First, I need you to be more demanding of your candidates and of your political parties. I also want you to support movements/groups like Enough is Enough, BudgIT Nigeria, OpenNASS, Not too young to run,, follow the money etc. These are groups that are keeping an eye on the government and pushing for accountability and transparency. What we need very badly is a movement to ensure that everyone who can vote gets a PVC. I believe that is the only way to change the system, when we have PVCs and are ready to vote, that is when the politicians will take us seriously. Right now, we are all just twitter warriors who don’t matter. This is because most of us would not go through the stress it takes to get a voters card and then on election day, many of us will not walk 3–7miles where our nearest voting booth is. Since they know that they have disenfranchised us, they do not take our threats seriously. So, what I am proposing is the most massive voter’s registration drive Nigeria has ever seen. If 40% of Nigerians can vote, then we could theoretically get about 70million Nigerians to vote next year. Only about 28million voted in 2015, so if we set out to get 30million new voters registered, what a force that would be. This movement would need to tap into technology to raise fund from well-meaning Nigerians (all over the world). As long as there is transparency and results at each step of the way, set goals can be achieved. I must also state that this movement has to be entirely non-partisan otherwise it loses all credibility and goodwill. When more enlightened people go to vote, it will make it more difficult for politicians who go to the polls with bags of cash and food supplies to literally buy the votes. Also, with technology, we can have eyes and ears on ground and expose all of these malpractices as they are occurring in real time. I pray INEC is planning to corporate with as many of these ‘watch-dog’ groups as possible.

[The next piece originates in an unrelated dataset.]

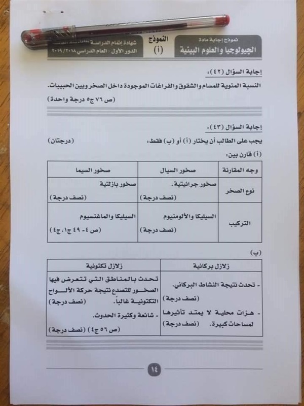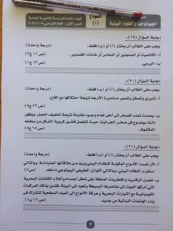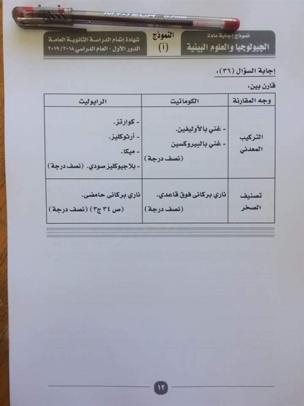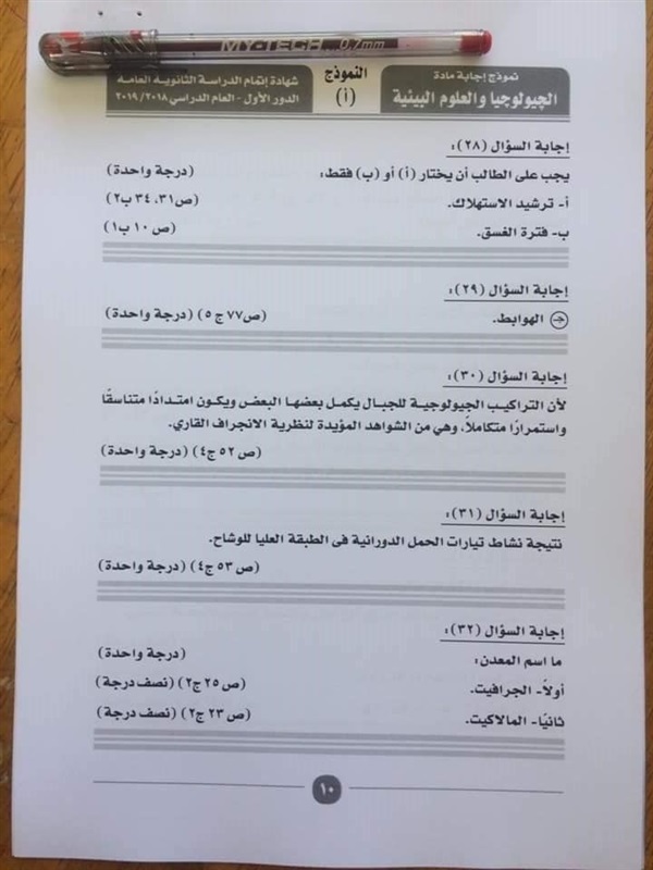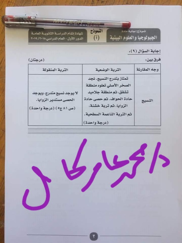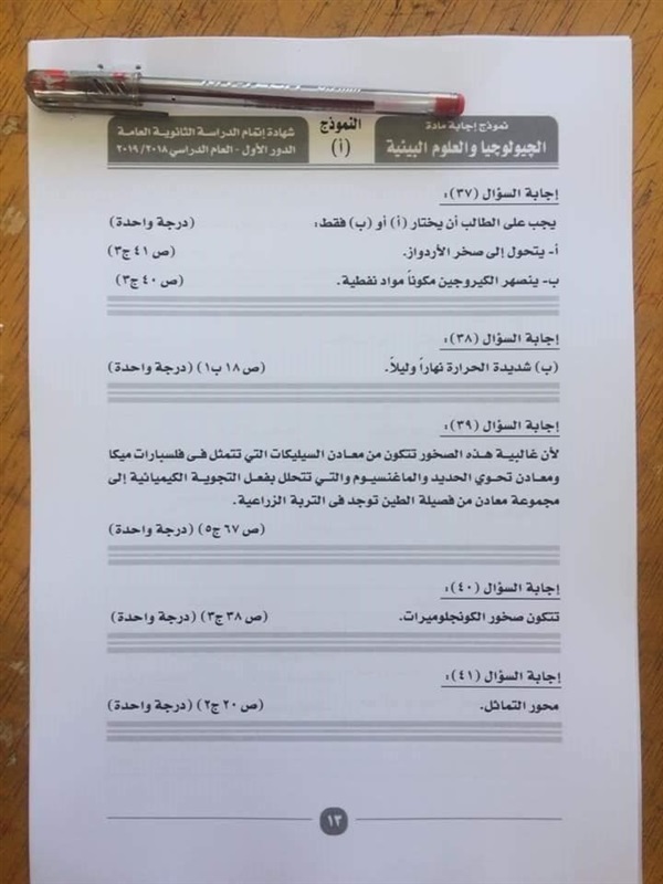 نموذج إجابة امتحان الجيولوجيا للثانوية العامة 2019

In conclusion, I can not tell you to vote for or against any particular candidate but I have my ‘5 requirements’ in electing a leader:

1. Character, values, antecedents, competence, vigor, wisdom and integrity

2. The process from which he/she emerged (transparency of campaign funding, intra-party democracy and lack of godfatherism)

3. Commitment to slashing cost of government (all 3 arms and all 3 tiers of government) by at least 50% within 2 years

4. Commitment to full transparency of all public spending from the federal to local government level.

5. Commitment to strengthen institutions that safeguard our democratic society.

Any candidate that meets all the above criteria will be an amazing president. The movement I suggest above will help increase the chance of such candidate emerging, if not for 2019, then definitely for 2023!